Berdasarkan data dari Badan Pengelola Pendapatan dan Retribusi Daerah (BP2RD), realisasi retribusi parkir di Tanjungpinang selama beberapa tahun terakhir hanya berkisar 50 persen dari target yang ditetapkan. Padahal, jumlah juru parkir di kota ini terbilang banyak.
“Sudah beberapa tahun kita melihat data dari BP2RD, retribusi parkir ini selalu tidak tercapai. Kondisi ini mengindikasikan masih adanya kebocoran yang harus segera dibenahi,” ujar Adhafi dalam rapat tersebut.
Adhafi menegaskan dirinya tidak sepakat jika pemerintah berencana menaikkan tarif parkir dalam waktu dekat. Menurutnya, persoalan utama bukan pada besaran tarif, melainkan pada sistem pengelolaan yang belum maksimal.
“Dengan tarif yang berlaku saat ini saja target belum tercapai. Jika tarif dinaikkan dua kali lipat tanpa perbaikan sistem, justru dikhawatirkan akan memperbesar potensi kebocoran dan penyalahgunaan oleh oknum juru parkir,” tegasnya.
Sebagai langkah konkret meningkatkan PAD, Adhafi mengusulkan agar Dishub berkolaborasi lebih intensif dengan Satuan Lalu Lintas (Satlantas) Polres Tanjungpinang. Penertiban parkir liar perlu digencarkan kembali melalui penegakan Peraturan Daerah (Perda) tentang parkir.

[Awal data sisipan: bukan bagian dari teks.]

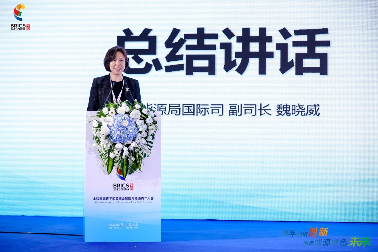 国家能源局国际司副司长魏晓威作总结讲话。她代表主办单位国家能源局,对各有关单位的大力支持和积极参与表示感谢,对中国石油大学作为中国能源学科领域领军高校之一的责任担当和世界眼光表示肯定。她指出,此次峰会促进了能源合作与高校教育的融合发展,加强了金砖国家青年的学术合作、联合实践活动,打开了金砖国家及其他国家青年能源合作的友谊之门。

Menurutnya, kendaraan yang parkir di lokasi terlarang atau melanggar rambu-rambu dapat ditindak tegas melalui penderekan maupun penggembokan, sebagaimana pernah diterapkan sebelumnya.
“Dengan penegakan aturan yang konsisten dan pengawasan yang lebih ketat, saya optimistis kebocoran PAD dari sektor parkir yang telah terjadi selama bertahun-tahun dapat ditekan, sehingga pendapatan daerah Kota Tanjungpinang bisa meningkat,” pungkasnya.